She always was, from the minute I met her. She always was showing me the good in life, the happiness. She showed me undeserved love when I felt unlovable. She showed time and again she would endure the hardest things for me. She was a friend and my girl. She was the Angel that saved me.
Now, we aren’t a couple. She isn’t “my girl”, but she is an amazing friend and she is still saving me everyday. She has put so many feelings to bed to take care of me, and take care of herelf, which I can not tell you how much I love to see that.
We are “just friends” and that is enough. Maybe we can be a couple again some day, maybe we can’t. But, everyday she is right there making sure I am ok. I need to do the same for her, now more than ever. Just be me, and let her be her. Share our day, share our happy, share our sad. Like friends and people who love each other do.
I used to think I focused on her too much when things got hard, and the reality is, I didn’t turn to her. I just focused on things I didn’t have, we didn’t have. But I forgot what we did have, a bond like no other, a love that was not judgemental, or harsh, but pure and beautiful. It was a love that fufilled us beyond anything, and was the true foundation of everything. I forgot all of that when I was low, and I didn’t take care of it.
Yeah, Angel had to make changes for her. She had to let some things go with me. But she never stopped loving me. I never stopped loving her. So, it is different and thats good. We have a beautful friendship, and honestly, it is enough. I just need to learn to focus on that when I am scared or missing her.
I would spend forever with Angel, just as we are. I know that. I don’t need anything more than Angel. I don’t need anything more than her love in my life. Because that is what always made me btter, and make me want to give her my entire heart.
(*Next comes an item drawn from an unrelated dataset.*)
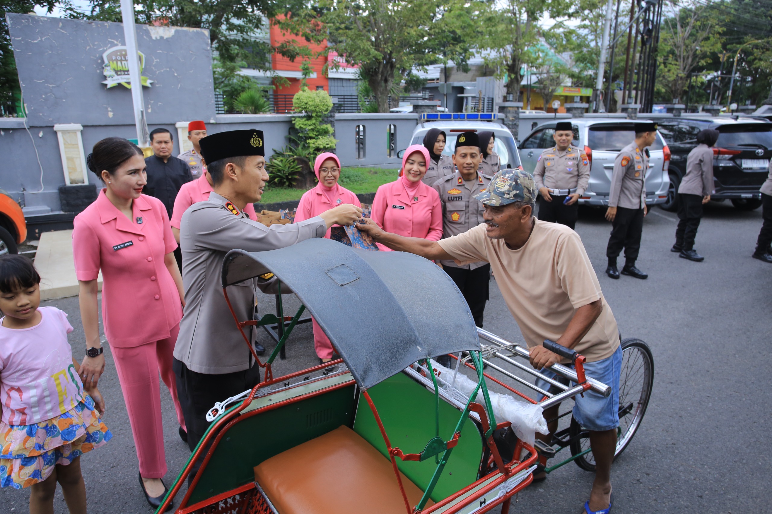 Kegiatan bakti sosial ini dipusatkan di area depan Halaman Mapolres Madiun. Dengan senyum ramah, Kapolres beserta jajaran pengurus Bhayangkari menghampiri para pengendara motor, pengemudi mobil, hingga pejalan kaki yang melintas menjelang waktu berbuka puasa.

I can’t look at forever, not right now. I need to look at today, and tomorrow. I need to find the happiness in what we have, and when things get hard just talk to her, and let her talk to me when she needs to. She is my third love, and I know that is enough, even if it is different now.
However she views me, Angel will always be my person. She will always be the one I know will have my back, and the one I want nothing more than absolute happiness for. I love her, her brain, her beauty, her amazing sense of humor, but mostly, her amazing heart. She never see’s herself, the way I do. I hope someday she does, and I can show her more of why I do as well.
“To my Angel, Thank you. Thank you for still seeing the good in me, for standing by me, supporting me and loving me. Thank you for dealing with the hardest parts of me, knowing the best parts of me are still there somewhere. Thank you for being he laugh when I need it, the sun when I need it and the kick in the ass when I need it. I only hope to someday give you all of the same and more t show you how much I truly love and apprecaite you. You are, without a doubt, the most beautiful person I have ever met insade and out. I love you, thank you for saving me 3 years ago, today and tomorrow. You have no idea what you mean to me.”